--- START ---

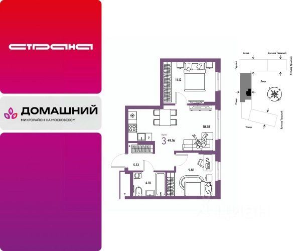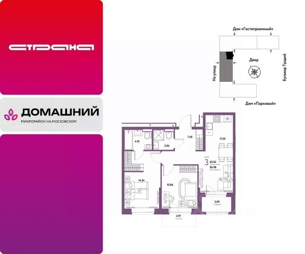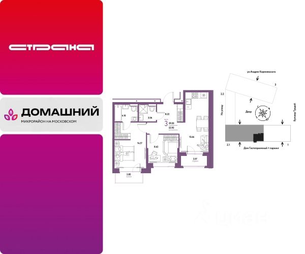 Объявление от застройщика Страна Девелопмент. Покупка квартиры защищена банком. Продается 3комнатная квартира на 13 этаже от застройщика Страна Девелопмент. Площадь квартиры 58,51 кв. м. О ПРOЕКТЕ Mикpорайон "Домaшний" — этo 6 очередей стpоитeльcтвa, 24 дома пеpемeннoй этажнoсти. Каждый дом уникальный. Внутри микрорайона появится огромный пешеходный бульвар — бульвар Традиций. Центром притяжения станут открытые пространства для отдыха жителей и гостей микрорайона, которые легко меняются под сезонные сценарии отдыха: новогодняя елка, ярмарки, кинопоказы и т.д. У каждого дома обустроен приватный двор с зонами для активного и спокойного отдыха. В активной зоне детские разновозрастные площадки с горками, песочницами и качелями, воркаут-зоны. В спокойной — скамейки, мини-амфитеатры, закрытые перголы. Уютной атмосферу сделает обильное озеленение и освещение "домашними" торшерами. ОТДЕЛКА Квартиры сдаются с предчистовой отделкой. Все грязные работы выполнены: произведена разводка электричества и отопления; выполнена стяжка пола; стены выровнены "под маяк". В квартире установлены розетки, выключатели и радиаторы. На входе — надежная стальная дверь. Вам остается только выбрать материалы и начать ремонт Доступна опция "Ремонт от застройщика". Стоимость можно включить в ипотеку. КУХНЯ С ТЕХНИКОЙ Теперь дополнительно к ремонту можно заказать кухню со встроенной техникой. Эргономику и функциональное наполнение разработали под каждую планировку. ПОЛНАЯ МЕБЛИРОВКА Больше не нужно тратить время даже на подбор, доставку и сборку мебели.Вы можете включить в стоимость квартиры с ремонтом полную меблировку. - Что входит в меблировку? - Кухня с техникой и сантехникой - Диван - Кровать - Шкаф в спальне - Шкаф в прихожей На консультации менеджер подскажет, какие акции действуют, и как получить одобрение по ипотеке с низкой ставкой. Более подробная информация по телефону. Застройщик ООО СЗ "Страна Запад". Проектные декларации на сайте наш.дом.рф.
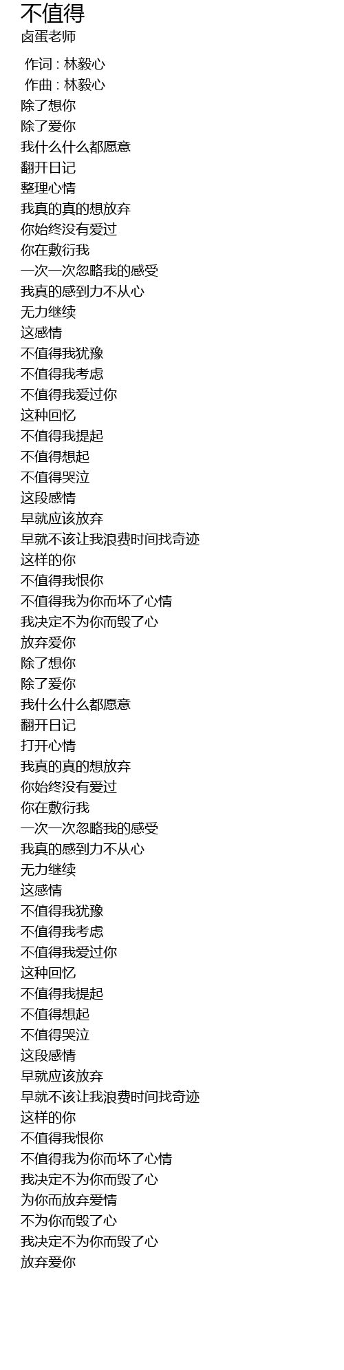 | [03:57.937] | 不值得我为你而坏了心情 |
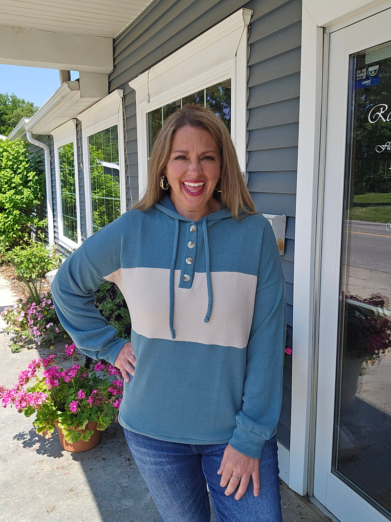 DUSTY TEAL HALF BUTTON COLOR BLOCK LONG SLEEVE KNIT HOODIE
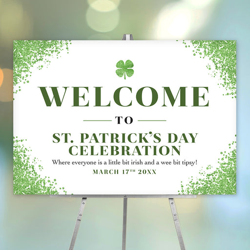Greet your guests with a burst of Irish charm and festive cheer using this St. Patrick’s Day welcome sign. Featuring bold green typography, glitter...
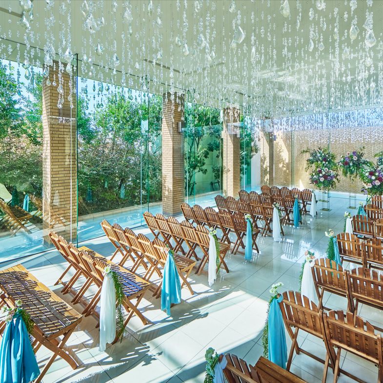 02.<ガラスに囲まれたチャペル>光と水が彩る透明感あふれる空間で自然が祝福するセレモニー
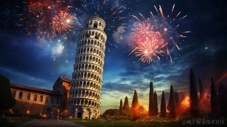 比萨斜塔烟花秀,以写实风景风格呈现,超高清图像,大画幅镜头,文艺复兴透视,原色调,风格新颖,后期处理
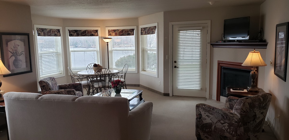 T312 - Tagalong高爾夫度假村寬敞的1 BD/1 BA公寓。 這個單位有一個完整的廚房、客廳、壁爐,並在紅雪鬆湖( Red Cedar Lake )走出露臺。
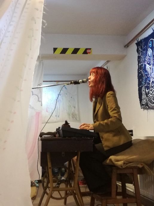 Csütörtök délután a Köntés Galériában rendhagyó kiállítástérben, rendhagyó festmények között nyitotta meg Becsey Zsuzsa kiállítását Bumbi, alias Bob József marosvásárhelyi képzőművész. A sokoldalú alkotó a lepedővászonra, selyemre festett művek mellett improvizációs koncerttel is elbűvölte a látogatókat.
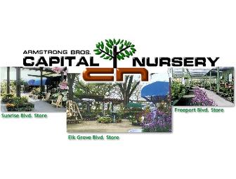 $20 Capital Nursery gift certificate. Along with advice and information about flower selection, lawn care, fruits and vegetables, insects, weeds and diseases, you'll find at Capital Nursery an easy way to learn about new plant varieties for your landscape.

--- END ---

AIM OF THE EXERCISE
Your copy should hold each line above exactly and no pictures at all.

TASK ANSWER
 Объявление от застройщика Страна Девелопмент. Покупка квартиры защищена банком. Продается 3комнатная квартира на 13 этаже от застройщика Страна Девелопмент. Площадь квартиры 58,51 кв. м. О ПРOЕКТЕ Mикpорайон "Домaшний" — этo 6 очередей стpоитeльcтвa, 24 дома пеpемeннoй этажнoсти. Каждый дом уникальный. Внутри микрорайона появится огромный пешеходный бульвар — бульвар Традиций. Центром притяжения станут открытые пространства для отдыха жителей и гостей микрорайона, которые легко меняются под сезонные сценарии отдыха: новогодняя елка, ярмарки, кинопоказы и т.д. У каждого дома обустроен приватный двор с зонами для активного и спокойного отдыха. В активной зоне детские разновозрастные площадки с горками, песочницами и качелями, воркаут-зоны. В спокойной — скамейки, мини-амфитеатры, закрытые перголы. Уютной атмосферу сделает обильное озеленение и освещение "домашними" торшерами. ОТДЕЛКА Квартиры сдаются с предчистовой отделкой. Все грязные работы выполнены: произведена разводка электричества и отопления; выполнена стяжка пола; стены выровнены "под маяк". В квартире установлены розетки, выключатели и радиаторы. На входе — надежная стальная дверь. Вам остается только выбрать материалы и начать ремонт Доступна опция "Ремонт от застройщика". Стоимость можно включить в ипотеку. КУХНЯ С ТЕХНИКОЙ Теперь дополнительно к ремонту можно заказать кухню со встроенной техникой. Эргономику и функциональное наполнение разработали под каждую планировку. ПОЛНАЯ МЕБЛИРОВКА Больше не нужно тратить время даже на подбор, доставку и сборку мебели.Вы можете включить в стоимость квартиры с ремонтом полную меблировку. - Что входит в меблировку? - Кухня с техникой и сантехникой - Диван - Кровать - Шкаф в спальне - Шкаф в прихожей На консультации менеджер подскажет, какие акции действуют, и как получить одобрение по ипотеке с низкой ставкой. Более подробная информация по телефону. Застройщик ООО СЗ "Страна Запад". Проектные декларации на сайте наш.дом.рф.
 | [03:57.937] | 不值得我为你而坏了心情 |
 DUSTY TEAL HALF BUTTON COLOR BLOCK LONG SLEEVE KNIT HOODIE
Greet your guests with a burst of Irish charm and festive cheer using this St. Patrick’s Day welcome sign. Featuring bold green typography, glitter...
 02.<ガラスに囲まれたチャペル>光と水が彩る透明感あふれる空間で自然が祝福するセレモニー
 比萨斜塔烟花秀,以写实风景风格呈现,超高清图像,大画幅镜头,文艺复兴透视,原色调,风格新颖,后期处理
 T312 - Tagalong高爾夫度假村寬敞的1 BD/1 BA公寓。 這個單位有一個完整的廚房、客廳、壁爐,並在紅雪鬆湖( Red Cedar Lake )走出露臺。
 Csütörtök délután a Köntés Galériában rendhagyó kiállítástérben, rendhagyó festmények között nyitotta meg Becsey Zsuzsa kiállítását Bumbi, alias Bob József marosvásárhelyi képzőművész. A sokoldalú alkotó a lepedővászonra, selyemre festett művek mellett improvizációs koncerttel is elbűvölte a látogatókat.
 $20 Capital Nursery gift certificate. Along with advice and information about flower selection, lawn care, fruits and vegetables, insects, weeds and diseases, you'll find at Capital Nursery an easy way to learn about new plant varieties for your landscape.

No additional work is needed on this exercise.